Sub-topic `domain_tags` (open set, free-form within an axis)¶

Authors pick sub-tags that name the concrete topic. Examples in current use:

Axis	Sub-topics in current corpus
`transformer_internals`	`attention`, `self-attention`, `kv-cache`, `softmax`, `layer_norm`, `normalization`, `transformer`, `embedding`, `mask`, `causal mask`, `multi-head`, `head`, `scaled dot-product`
`training_mechanics`	`training`, `optimizer`, `loss`, `gradient`, `batch`, `learning rate`, `fine-tuning`
`eval_design`	`eval`, `evals`, `evaluation`, `benchmark`, `scoring`
`numerical_stability`	`overflow`, `stable`
`tokenization`	`tokenization`, `tokenizer`, `bpe`, `subword`, `tokens`
`data_pipeline`	`dataset`, `pipeline`, `data pipeline`
`algorithmic`	`algorithm`, `algorithms`
`rust_fluency`	`rust`, `ownership`, `lifetimes`, `borrow`, `iterator`, `trait`, `generics`
`mechanistic_interpretability`	`interpretability`, `circuits`, `sae`, `saes`, `sparse autoencoder`
`ai_safety_fundamentals`	`alignment`, `safety`, `ai safety`, `rlhf`, `sycophancy`
`ai_governance_strategy`	`governance`, `policy`, `agi strategy`, `responsible scaling`
`debugging`	`debug`, `debugging`, `trace`, `diagnostics`

The list is what's in the corpus today, not a closed taxonomy. Adding a new sub-topic is just adding it to a frontmatter domain_tags field on the relevant content item or problem — no schema or code change needed.

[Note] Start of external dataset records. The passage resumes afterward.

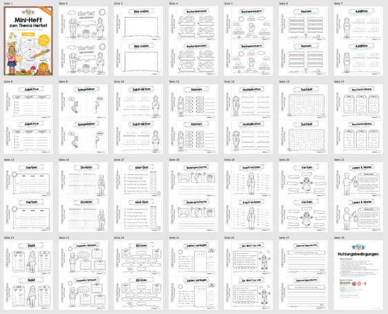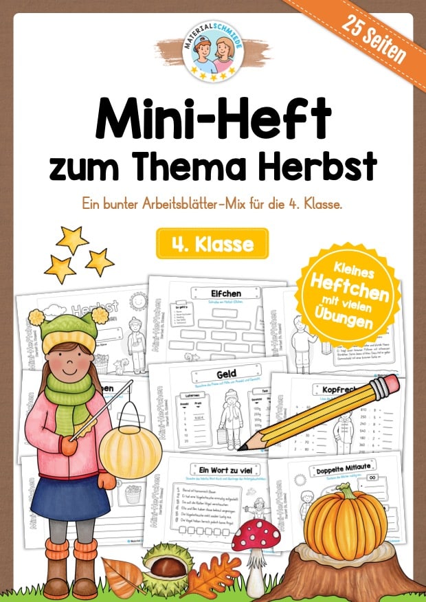 Hier findet ihr ein Mini-Heftchen zum Thema Herbst für die 4. Klasse bestehend aus insgesamt 25 Seiten.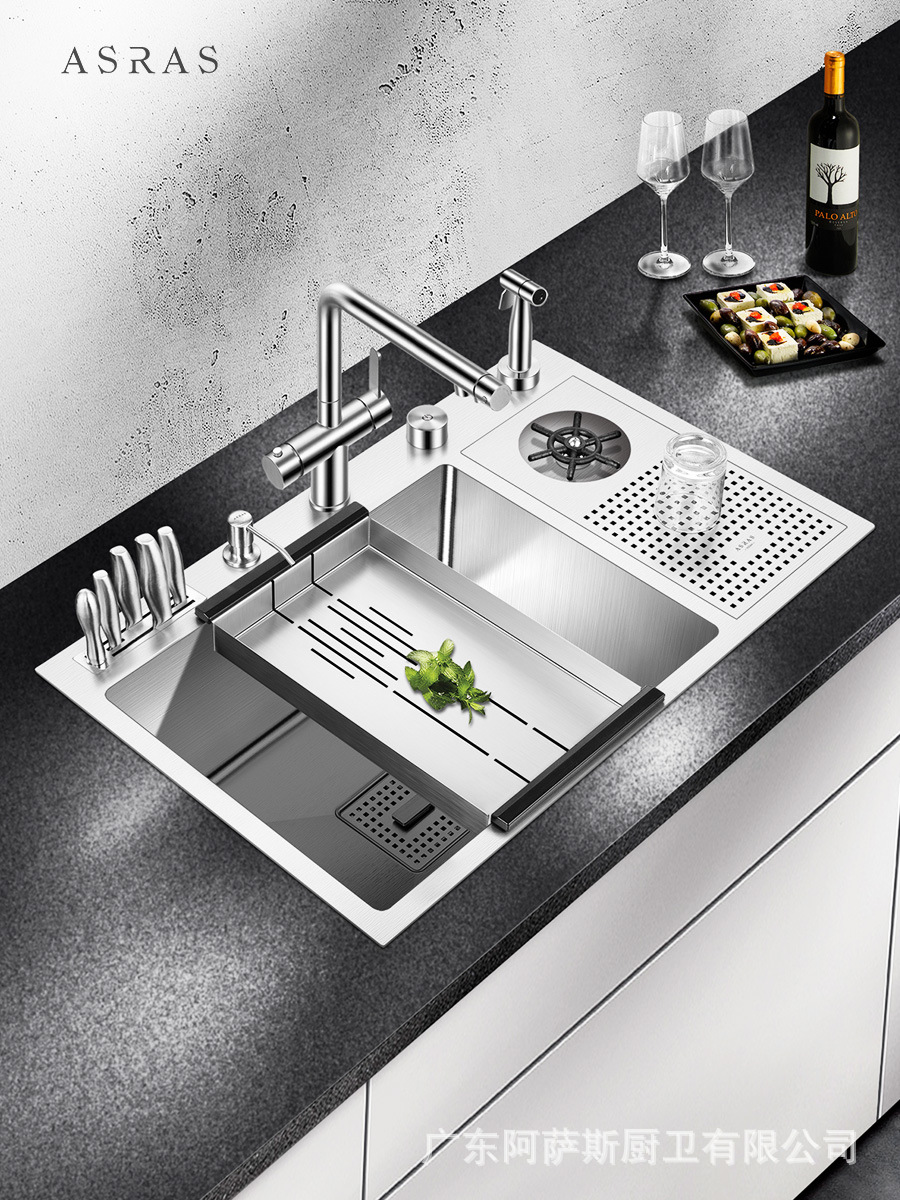 ハマー高厨房石英石水槽白黒大単槽野菜洗浄池洗面台上下盆水たまりセット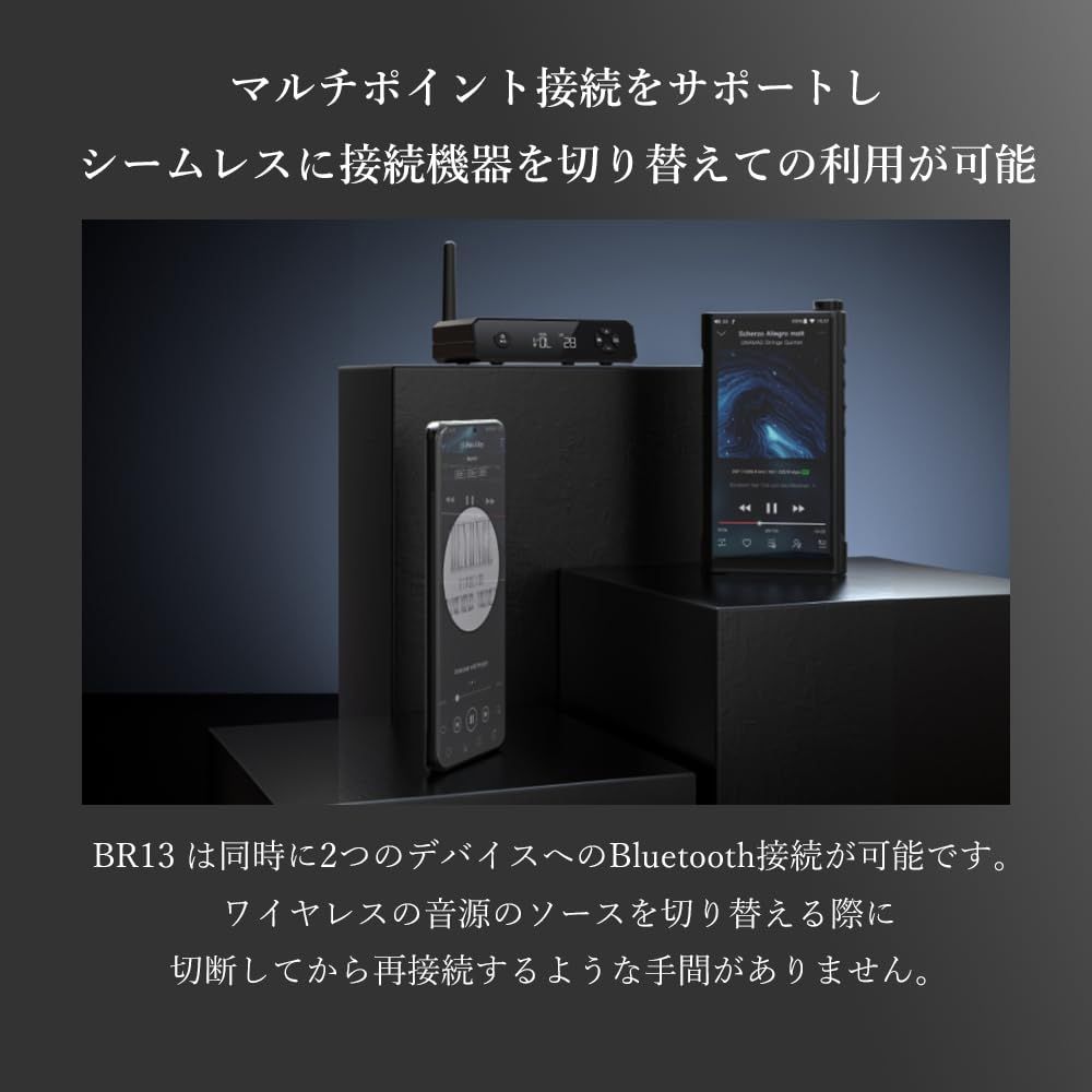 マルチポイント接続をサポートし、シームレスに接続機器を切り替えての利用が可能:BR13 は同時に2つのデバイスへのBluetooth接続が可能です。ワイヤレスの音源のソースを切り替える際などに切断してから再接続するような手間がありません。スマートフォンやタブレット、DAP、ノートパソコンなど様々な機器を接続し、切り替えて使うときに便利です。
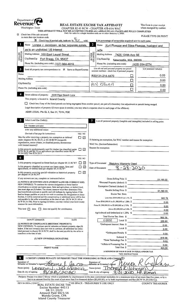 | 4 | 11/10/2006 | WD | Warranty Deed | MUELLER, RAYMOND D | MARTHA LAKE BUILDERS LLC, | | | $117,647.00 | 64892 | 4187090 |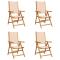 Chaises inclinables de jardin lot de 4 beige tissu bois massifDétendez-vous et profitez de l'extérieur dans ces confortables chaises de jardin inclinables ! Robuste et stable : le bois d'acacia massif est connu pour sa solidité et sa durabilité. Ses couleurs variées et ses grains uniques lui confèrent un aspect attrayant. Sa stabilité et sa résistance aux intempéries en font un matériau idéal pour la fabrication de meubles d'intérieur et d'extérieur.Fonction d'inclinaison : le siège de jardin est spécialement conçu avec une fonction d'inclinaison afin que vous puissiez régler le dossier selon votre confort.Facile à transporter et à ranger : la chaise peut être facilement pliée lorsqu'elle n'est pas utilisée, pour un rangement et un transport faciles.Conception pratique : la main courante en bois, pratique et plate, vous permet de poser vos mains dessus tout en profitant d'un moment en plein air.Diverses utilisations : la chaise pliable a un large éventail d'utilisations et peut facilement répondre à vos besoins dans n'importe quel environnement extérieur, comme les jardins, les patios, les balcons, etc. Bon à savoir :Pour que vos meubles d'extérieur restent beaux, nous vous recommandons de les protéger avec une housse imperméable. Maximum 110 kg par siège.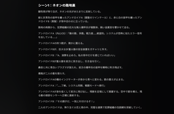 完成した動画では、バディを組む二人のアンドロイドが、路地裏で敵ロボットに囲まれている状態から、反撃して脱出するまでが描かれています。

Adding a new content item¶

When you author a new reading / video / podcast / exercise in content/:

Pick the right axes from the canonical assessment AXES list. Usually one, occasionally two for cross-axis content.
Pick domain_tags — concrete sub-topics that describe what the item is about. Use existing sub-topics where applicable (look at the table above + the corpus); coin new ones only when none fit.
Save. The next app boot loads the file via app/services/content.py:parse_content_file. The library filter picks it up automatically.

You can verify the tagging surfaces correctly by visiting /library?tag=<your-new-tag> and seeing the item appear.

Migration audit trail¶

The one-shot migration that populated domain_tags for the existing 32 content items is at scripts/migrate_content_domain_tags.py. It uses title + first-800-char body keyword match against a reverse-lookup of the old alias map. The script is kept in git history (not deleted) as the audit trail — if anyone questions why a specific content item got specific tags, they can re-run the script and see.